Computers store related elements (e.g characters in a string, elements of an array) in contiguous memory locations for easy access and clean organization. Also, each cell of memory stores the same number of bytes of information. This contributes to why accessing the elements of a list and character in a string via indexing is an O(1) operation. I explain why in the following paragraphs.
In Python, Unicode characters are stored using 2 bytes. Consequentially, a string containing 5 characters requires 10 bytes of memory. Such a string, say, "Lemon" may be stored using the representation below. Each cell is assumed to hold a byte of information.
This method of storing strings follows the same abstraction as that of storing an array. Since each character is stored using the same number of bytes which also means the same number of cells, to access a desired character store at a particular index, we offset by the number of bytes required to get to our desired location. For example, to access the character at the 4th index from the 0th index, we offset by 8 bytes.
Python lists may hold objects of different types and lengths. A Python List may be declared as shown below.
sample_list = [ 'Bola', 'James', 23, 20645, ['Another', 'list'] ]
To preserve the ability to access the element at a particular index by offsetting by a calculated number of bytes, would mean computers have to give the amount of space occupied by the largest element in the list to every other element. This is inefficient for two reasons
- It would waste memory.
- If an element longer than the longest element in the list is added to the list via the
.append()
or.insert()
method, the abstraction breaks because we would have to reassign a new number of bytes to every element in the list. The thought of this already seems messy.
To fix this problem, a Python List object does not store its elements directly in the contiguous memory locations where the List itself is stored, instead it stores memory addresses of the location where its elements are stored. This way, the O(1) run-time of accessing a list element is preserved since every memory address is stored using the same number of bytes. Since a Python List does not store its elements directly but references to its elements' locations, we say that Python Lists are referential arrays.
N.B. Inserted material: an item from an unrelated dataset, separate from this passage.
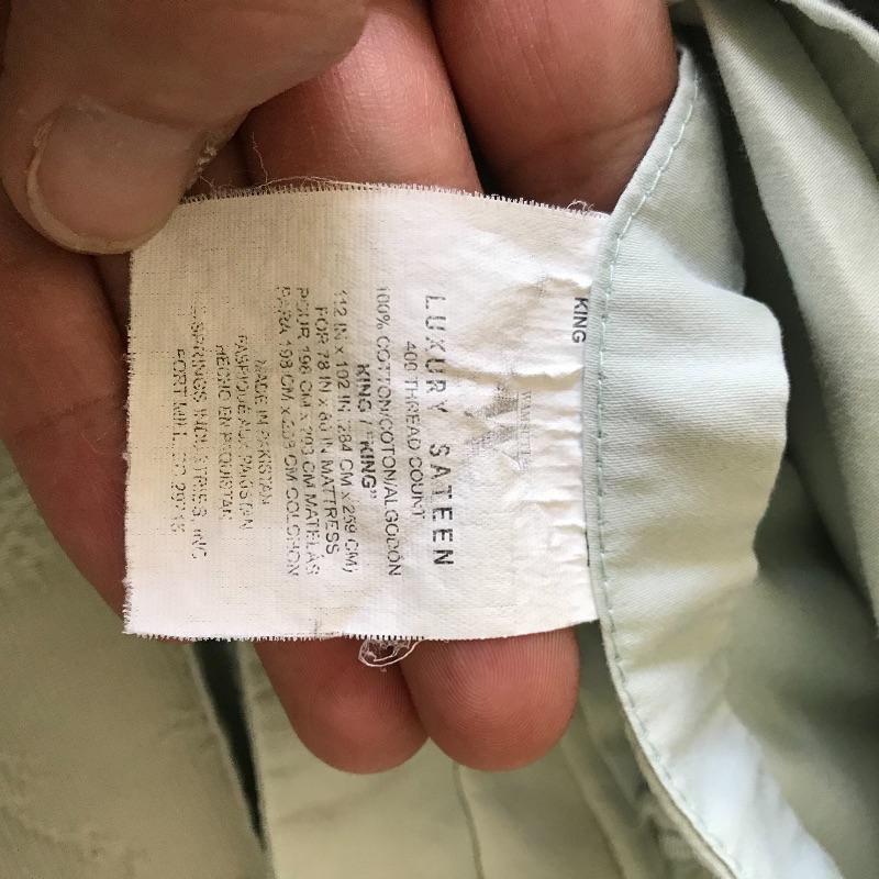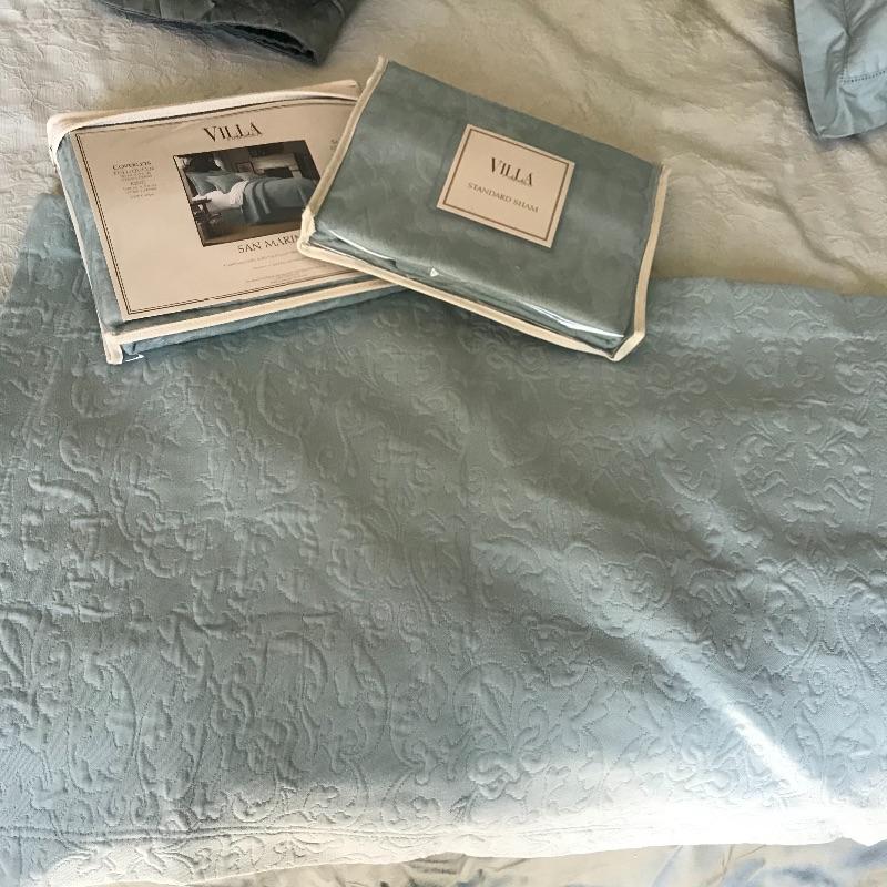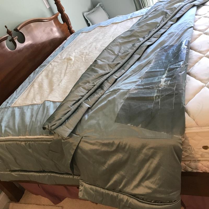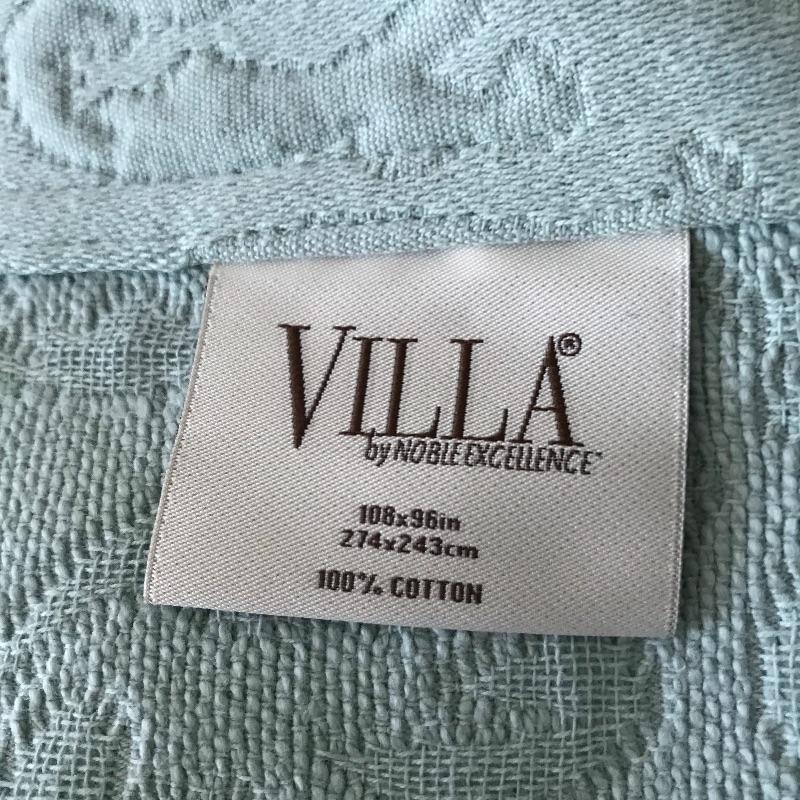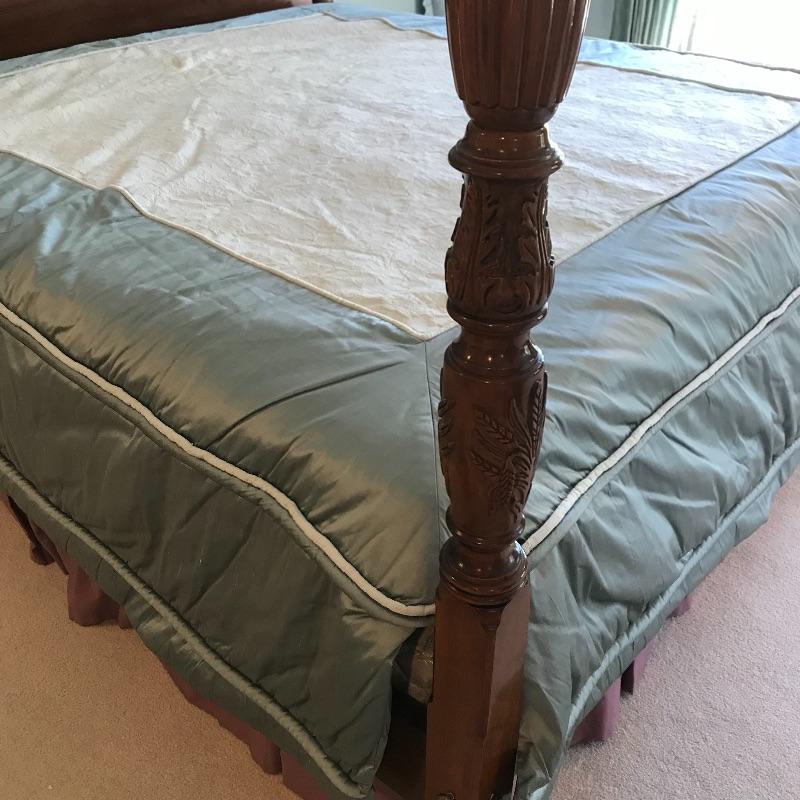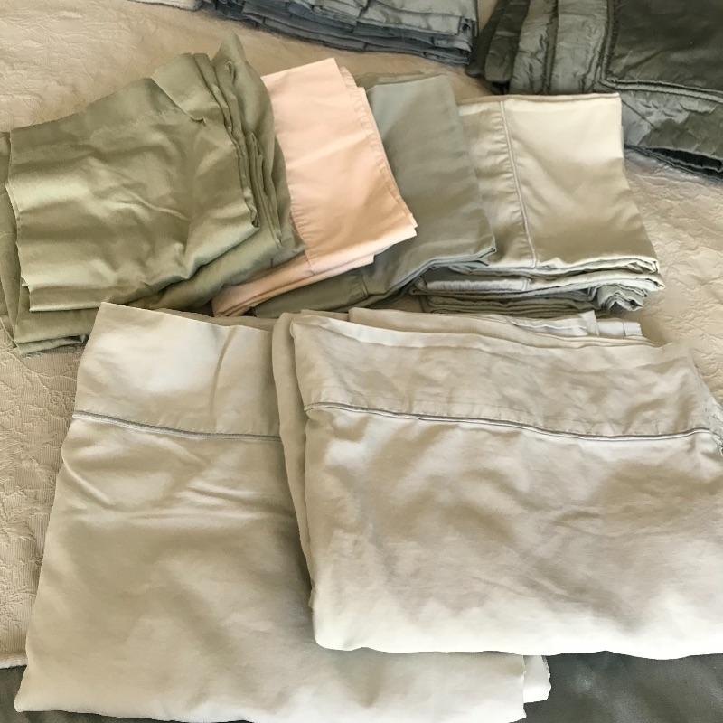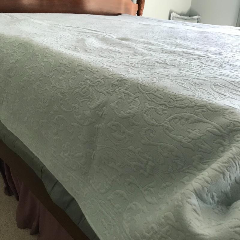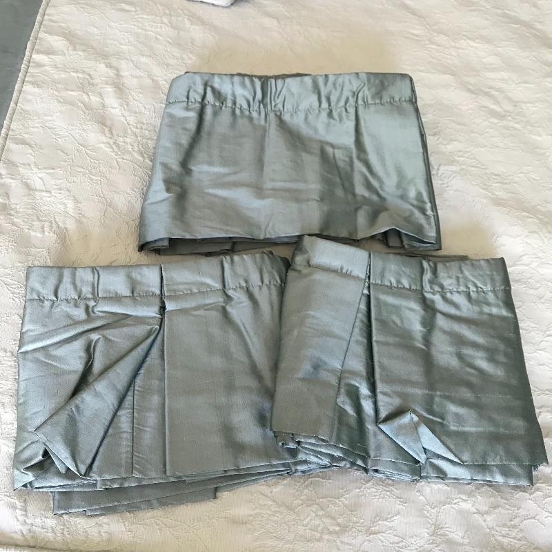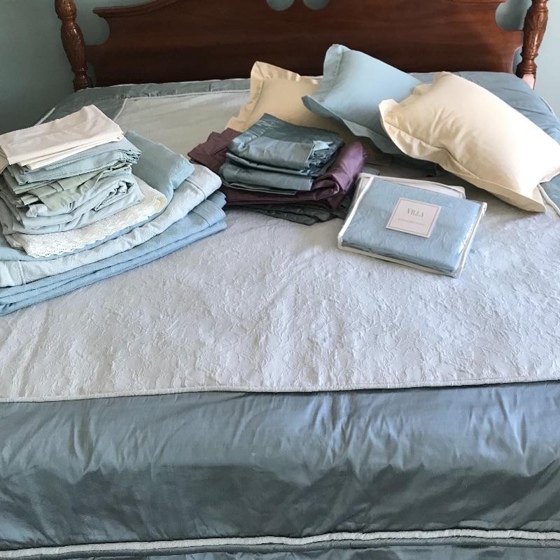 Lovely satin-esque bedroom linens and curtains. There are a couple different color themes in this lot with the same satin and cotton style. Mint green can be found on the bed cover, 400 count king sheets, king pillow shams and curtains. The bed cover has a tear noted in photos that was once repaired with a vinyl type material, but needs to be repaired, see images. There are also mint green bed-skirt curtains to be attached on dowels or curtain rods under the bed on a bed frame. Many Villa products found throughout this lot. The Villa king blanket is more of a baby blue with matching shams still in their package. Three small throw pillows and a Wasmuta decorative top sheet are included! The four post bed is not included but can be found in Lot-346. The four curtains are approximately 87” tall and have widths that measure between 47” and 49”. The wood valences and curtain rods are attached to the walls, please bring various screw drivers to remove. Valence frames are 80” long and valence curtains hang down approximately 14”.

👉 some tips on using Python Lists
- Use tuples
If the sequence of objects being stored is not expected to change (e.g the coordinates of a location) you should consider using a tuple. Tuples offer some slight advantage over lists since they're immutable. Firstly, they are more memory efficient than lists, and they provide better time efficiency in cases where you have to look up values in a sequence.
The experiment below shows that tuples are more memory efficient than lists.
import sys
temp_tuple = (1,2,3,4)
temp_list = [1,2,3,4]
tuple_size = sys.getsizeof(temp_tuple)
list_size = sys.getsizeof(temp_list)
print("Tuple size is %d bytes"%tuple_size)
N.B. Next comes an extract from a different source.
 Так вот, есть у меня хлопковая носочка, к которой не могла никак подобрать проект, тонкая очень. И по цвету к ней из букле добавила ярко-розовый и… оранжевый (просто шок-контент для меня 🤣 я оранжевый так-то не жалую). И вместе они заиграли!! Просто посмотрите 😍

print("List size is %d bytes"%list_size)
#result
Tuple size is 72 bytes
List size is 120 bytes
- Use Sets
If the sequence intended to store only unique values (e.g a sequence storing users with a particular privilege since a user should not appear twice in the sequence.)
- Use lists comprehension.
Instead of appending an element to a list if the element meets a particular criterion, as shown below, use lists comprehension.
#code
temp = []
for i in range(10):
if i%2 == 0:
temp.append(i)
print(temp)
#result
[0, 2, 4, 6, 8]
#using Lists comprehension
temp_2 = [i for i in range(10) if i%2 == 0]
print(temp_2)
#result
[0, 2, 4, 6, 8]
The first method is slower since the interpreter has to work in a loop to determine which elements to add to the list, keep a counter to track which element is being handled and finally perform an additional function look up at every iteration (since append is a list method). Most importantly, using list comprehension makes our code better readable.